Holding a long sell position is considered a long (positive) gamma trade, as the option begins to appreciate in value at a faster rate as the price of the underlying asset falls, resulting in earns money for the buyer and generates a loss for the seller (holder of a short gamma position).
According to Collins, market makers were short of gamma (put option sellers) at $ 52,000- $ 50,000 on Wednesday. As bitcoin began to decline, negative gamma exposure became distressing: options sold in the aforementioned strikes began to rise in value, signaling losses for market makers. So, market makers responded by selling bitcoins on the spot / futures market.
Data provided by Collins shows that the estimated dealer inventory fell by 2,900 BTC as bitcoin prices fell. The inventory estimate represents the number of bitcoins bypassed in the spot and futures market. (A BTC futures contract represents a coin on the major exchanges.

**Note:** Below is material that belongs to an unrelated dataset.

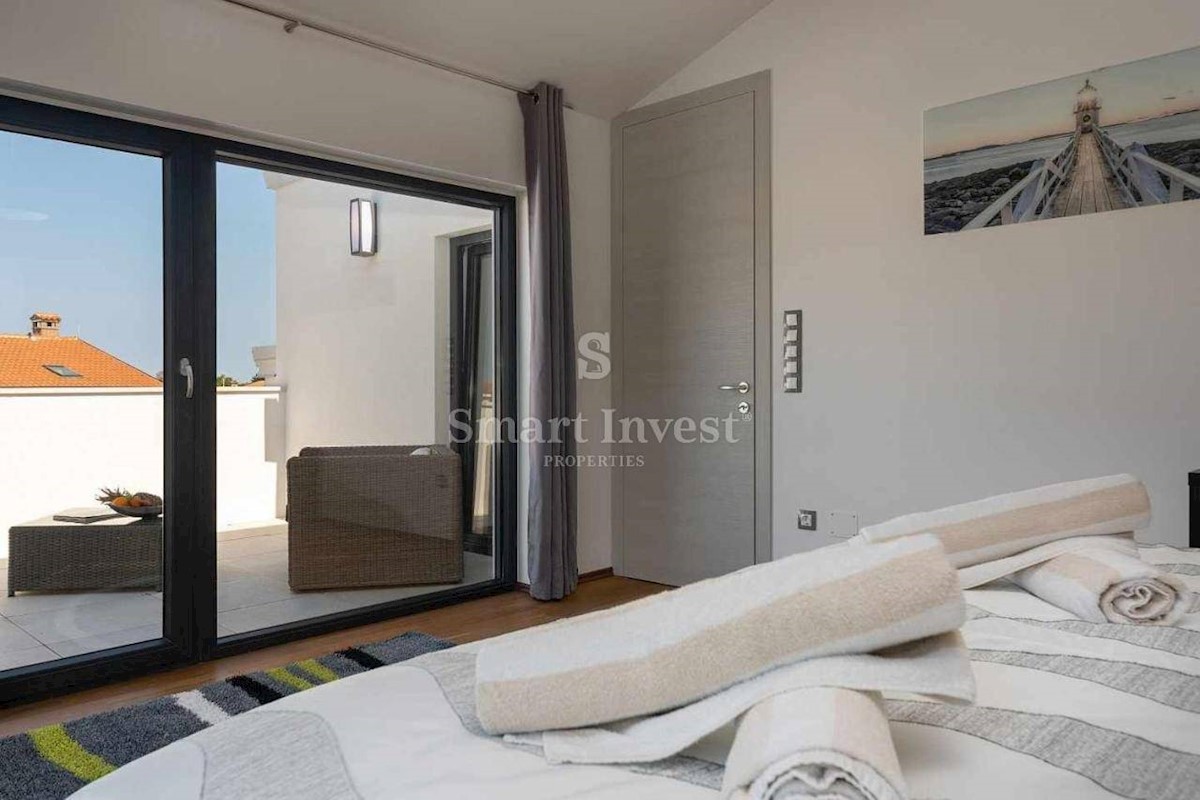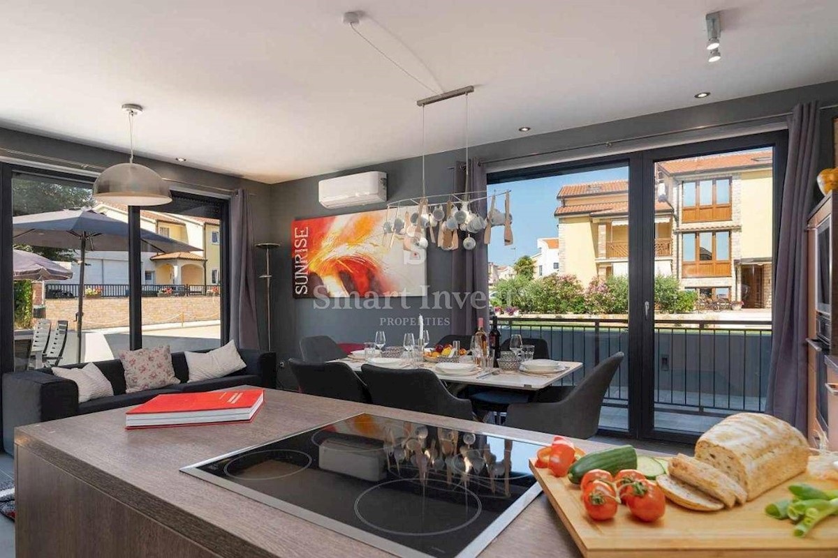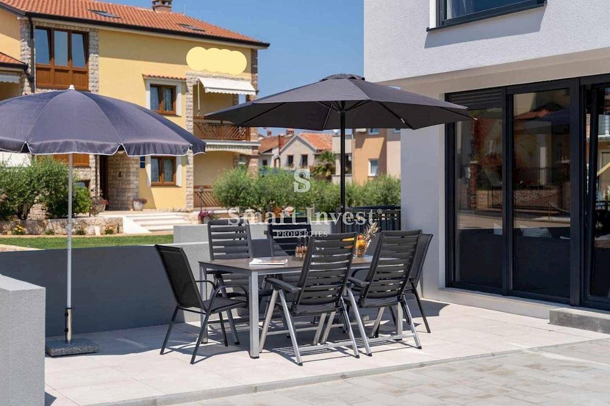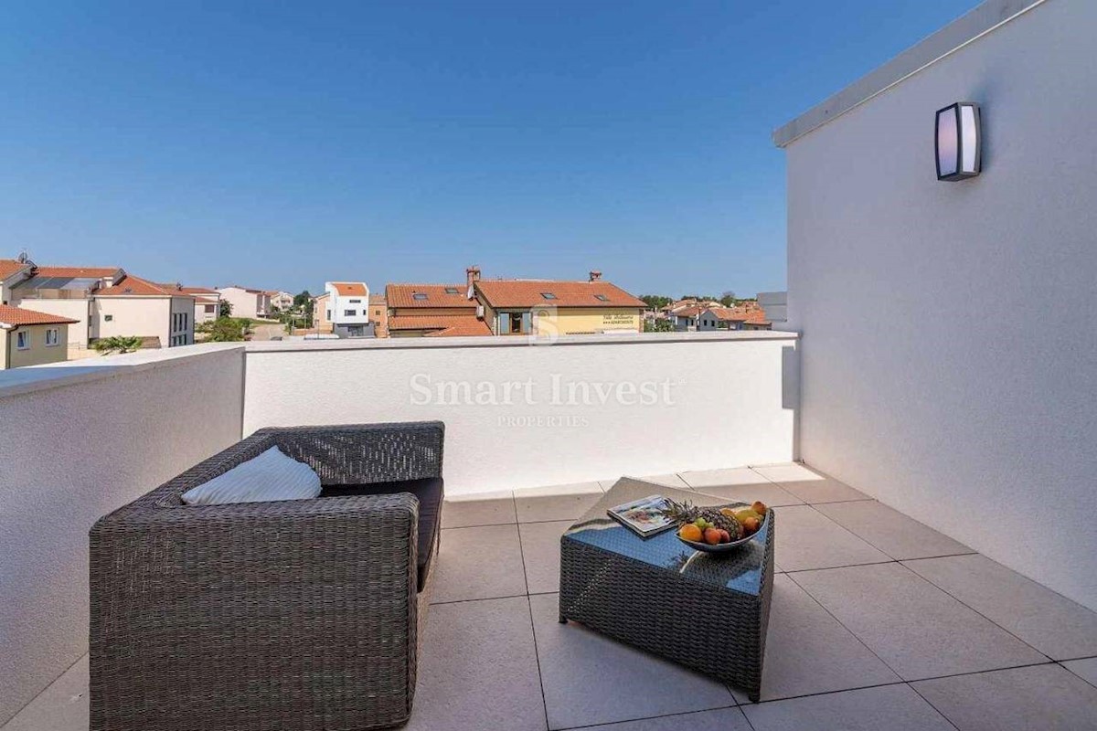 ISTRIEN - POREČ Nähe, Zum Verkauf steht eine 3-stöckige Wohnung mit Terrasse und privatem Parkplatz in einer großartigen Lage, nur 250 Meter vom Meer entfernt. Das neu errichtete Wohnhaus besteht aus nur 5 Wohnungen mit jeweils eigenem Eingang und Stellp

The Chicago Mercantile Exchange contract size is 5.)
Greg Magadini, CEO and co-founder of the options analysis platform Genesis Volatility, agreed with Collins’ theory, saying in a Telegram conversation that many traders were holding long positions or bearish bets at 50,000. $ and $ 48,000.
The theory can be debated on the grounds that selling 2,900 BTC worth $ 145 million at the current price of around $ 50,000 is too small a transaction to have a significant bearish impact on the cryptocurrency with a market capitalization of $ 1 trillion.
Nonetheless, the fact that traders and analysts are starting to assess the hedging activity of cryptocurrency options market makers reflects the growing relevance of the derivatives segment to the bitcoin market.